Electroencephalography (EEG) motor imagery (MI) classification is a fundamental, yet challenging task due to the variation of signals between individuals i.e., inter-subject variability. Previous approaches try to mitigate this using task-specific (TS) EEG signals from the target subject in training. However, recording TS EEG signals requires time and limits its applicability in various fields. In contrast, resting state (RS) EEG signals are a viable alternative due to ease of acquisition with rich subject information. In this paper, we propose a novel subject-adaptive transfer learning strategy that utilizes RS EEG signals to adapt models on unseen subject data. Specifically, we disentangle extracted features into task- and subject-dependent features and use them to calibrate RS EEG signals for obtaining task information while preserving subject characteristics. The calibrated signals are then used to adapt the model to the target subject, enabling the model to simulate processing TS EEG signals of the target subject. The proposed method achieves state-of-the-art accuracy on three public benchmarks, demonstrating the effectiveness of our method in cross-subject EEG MI classification. Our findings highlight the potential of leveraging RS EEG signals to advance practical brain-computer interface systems. The code is available at https://github.com/SionAn/MICCAI2024-ResTL.

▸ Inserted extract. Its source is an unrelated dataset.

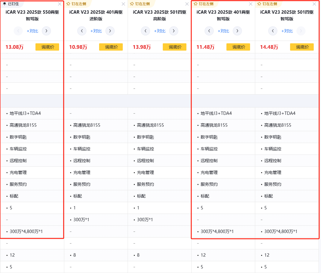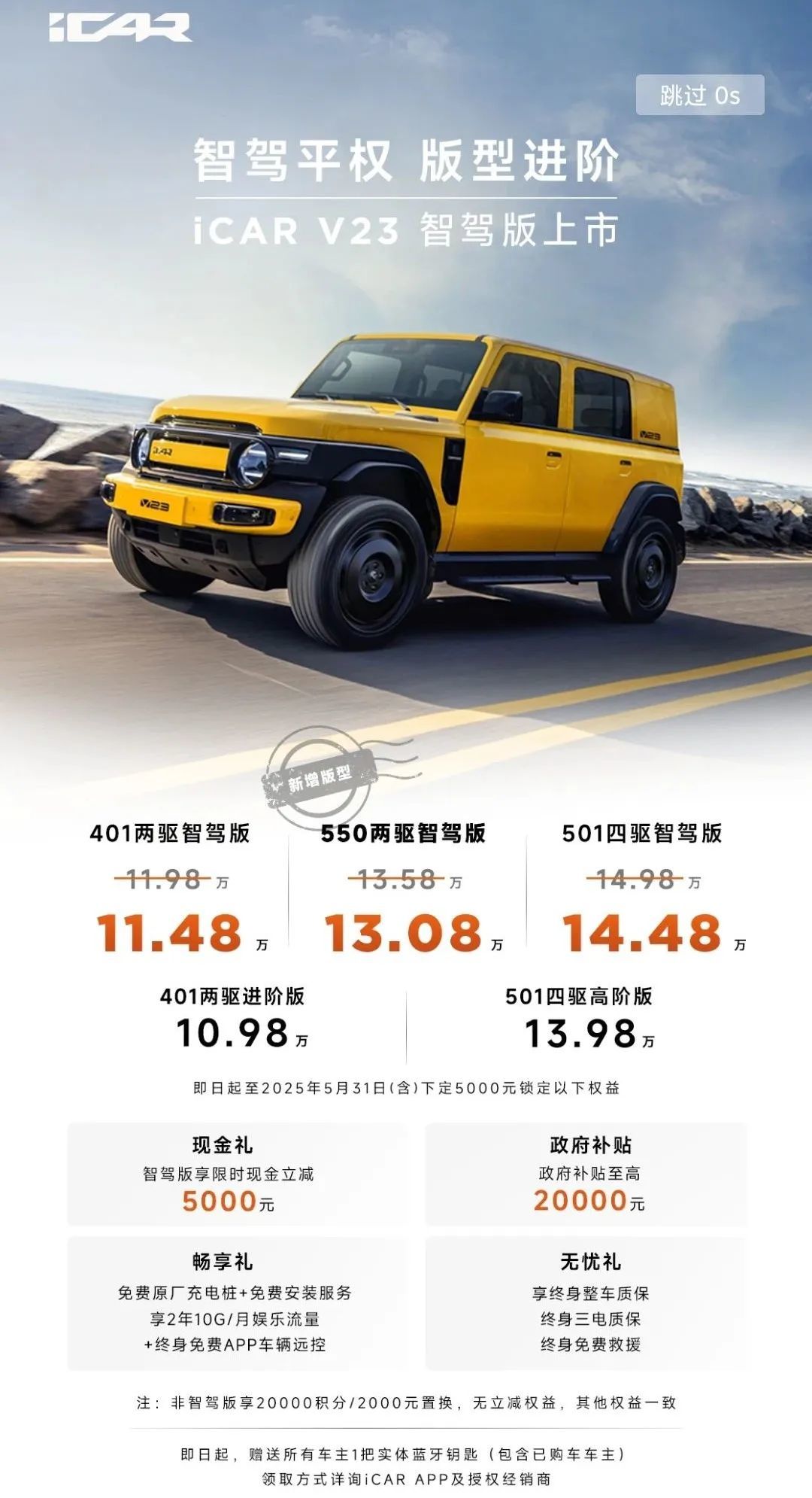 脖子哥在这得提醒一句,只有小蚂蚁、风云 A9 、 iCAR 是明确有智驾版的。其余的车型都是价格变动,智驾版并未上线,还得再等等。

Links to Paper and Supplementary Materials

Main Paper (Open Access Version): https://papers.miccai.org/miccai-2024/paper/0192_paper.pdf

SharedIt Link: pending

SpringerLink (DOI): pending

Supplementary Material: https://papers.miccai.org/miccai-2024/supp/0192_supp.pdf

Link to the Code Repository

https://github.com/SionAn/MICCAI2024-ResTL

Link to the Dataset(s)

N/A

BibTex

@InProceedings{An_SubjectAdaptive_MICCAI2024,
        author = { An, Sion and Kang, Myeongkyun and Kim, Soopil and Chikontwe, Philip and Shen, Li and Park, Sang Hyun},
        title = { { Subject-Adaptive Transfer Learning Using Resting State EEG Signals for Cross-Subject EEG Motor Imagery Classification } },
        booktitle = {proceedings of Medical Image Computing and Computer Assisted Intervention -- MICCAI 2024},
        year = {2024},
        publisher = {Springer Nature Switzerland},
        volume = {LNCS 15011},
        month = {October},
        page = {pending}
}

Reviews

Review #1

  • Please describe the contribution of the paper

    The paper proposes a subject-adaptive transfer learning strategy that utilizes resting state (RS) EEG signals to adapt models on unseen subject data. The proposed method achieves state-of-the-art accuracy on three public datasets.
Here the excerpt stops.